Today was a normal day, like any other day. I got out of work, and drove home to pick Ethan up from daycare. Usually, Ethan is the last little one to get picked up because I have a 40 minute commute and I get there later than i'd like. Today there was another little girl there, I would guess she was about 3 years old. I was asking Ethan's babysitter how the day had gone. While Ethan's babysitter was talking the little girl interrupted her. At first I ignored her, but then I realized she was talking to me. I turned to her and she said, "Mommies aren't supposed to have short hair." Shocked by what she had said I just stared at her. She proceeded to explain, "Only boys are supposed to have short hair, not mommies." I turned to her and said, "A lot of mommies have short hair, and a lot of boys have long hair, it just depends on how you like to have your hair."
On my drive home I wasn't upset because a 3 year old didn't like my haircut; I was upset because I know it's a sad truth that little girls still think that long hair is pretty and for girls, and short hair is ugly and for boys. I also became very upset that as Ethan gets older these are the kids he's going to be around on a daily basis. I started asking myself; will his classmates one day tell him that his mom is weird? Will they make fun of him for it? Will he feel ashamed of the way I look? All of these thoughts have left my heart hurting.
I don't want to place blame on anyone's family in this situation; I'm just writing this because I know that our kids are inundated by societies ideas of beauty on a regular basis. As princess movies, Victoria's Secret ads, and countless other images were going through my mind, I had a flashback from college. It was my sophomore year as an undergrad and I was telling my then boyfriend that I wanted to cut my hair really short. His response was, "You know everyone's going to think you're a lesbian, right?" This memory just re-enforced the fact that these stereotypes about beauty aren't limited to our younger generations.

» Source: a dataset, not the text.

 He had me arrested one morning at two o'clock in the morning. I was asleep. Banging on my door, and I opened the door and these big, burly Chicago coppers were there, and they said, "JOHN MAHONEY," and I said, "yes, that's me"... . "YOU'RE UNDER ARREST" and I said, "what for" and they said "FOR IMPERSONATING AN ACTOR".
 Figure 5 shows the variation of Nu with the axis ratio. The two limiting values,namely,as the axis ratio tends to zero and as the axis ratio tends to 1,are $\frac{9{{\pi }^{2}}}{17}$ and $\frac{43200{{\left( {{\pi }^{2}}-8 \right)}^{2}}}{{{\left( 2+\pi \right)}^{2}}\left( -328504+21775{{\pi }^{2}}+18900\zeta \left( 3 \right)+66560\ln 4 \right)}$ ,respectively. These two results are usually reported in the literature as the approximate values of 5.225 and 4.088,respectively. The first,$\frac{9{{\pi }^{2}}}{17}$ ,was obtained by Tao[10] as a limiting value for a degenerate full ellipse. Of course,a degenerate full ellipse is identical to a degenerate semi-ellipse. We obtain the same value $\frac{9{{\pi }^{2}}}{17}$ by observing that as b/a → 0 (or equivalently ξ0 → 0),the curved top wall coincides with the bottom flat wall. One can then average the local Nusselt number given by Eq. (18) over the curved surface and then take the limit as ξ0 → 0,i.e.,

So what can we do as parents? Honestly, I have no real answers but I know what I'm going to try my best to do. I'm going to raise Ethan and any other children I may have to understand that there is no such thing as "normal". That every single person on this earth is beautiful, and we do not have the right to tell anyone otherwise.

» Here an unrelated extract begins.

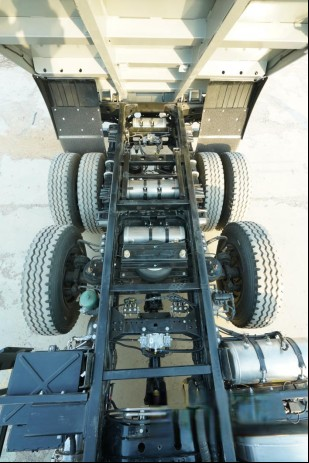 很多卡友在工程运输中常常会碰到重载起步难、爬坡难的问题,动力不足占很大原因。瑞沃金刚炮(6x2悬浮桥)全系搭载玉柴YCK05240-60发动机,排量为5.13L,满足国六的排放标准,最大动力输出240马力,在1200-1600转速区间就可以爆发900N.m的峰值扭矩,爬坡脱困性能优越,满足工程车重载工程运输需要,同时搭配法士特十档变速箱,头挡速比12.09,最高挡速比0.78。大传动比让车辆爬坡能力更强,轻松应对各种复杂的工况。底盘方面,这款车搭载的是457的重载后桥,速比为5.833,板簧方面采用10/7/12+9形式的多片簧设计,这一系列为重载而设计,让金刚炮的承载能力显著提升。

Cousin, you've hit the nail on the head-- we just have to raise our kids to appreciate everyone's individual preferences and know that "normal" applies to each person's unique taste.
ReplyDeleteMy ex said the same thing to me when I mentioned I wanted to try a pixie cut (and that's why they're our exes)! And I think Ethan is very lucky to have such a thoughtful and progressive family.
ReplyDeleteIt must be scary to think about the limits you have in protecting your little guy from the influence of what he might hear from his peers... but hours of counseling and observation with families had really made me believe that the way you model a reaction to and explanation to things (like stereotypes) can make a huge difference in how he perceives the world and how much negativity might effect him, especially in the long run. Something to think about if you get that heavy heart feeling again, I hope. :)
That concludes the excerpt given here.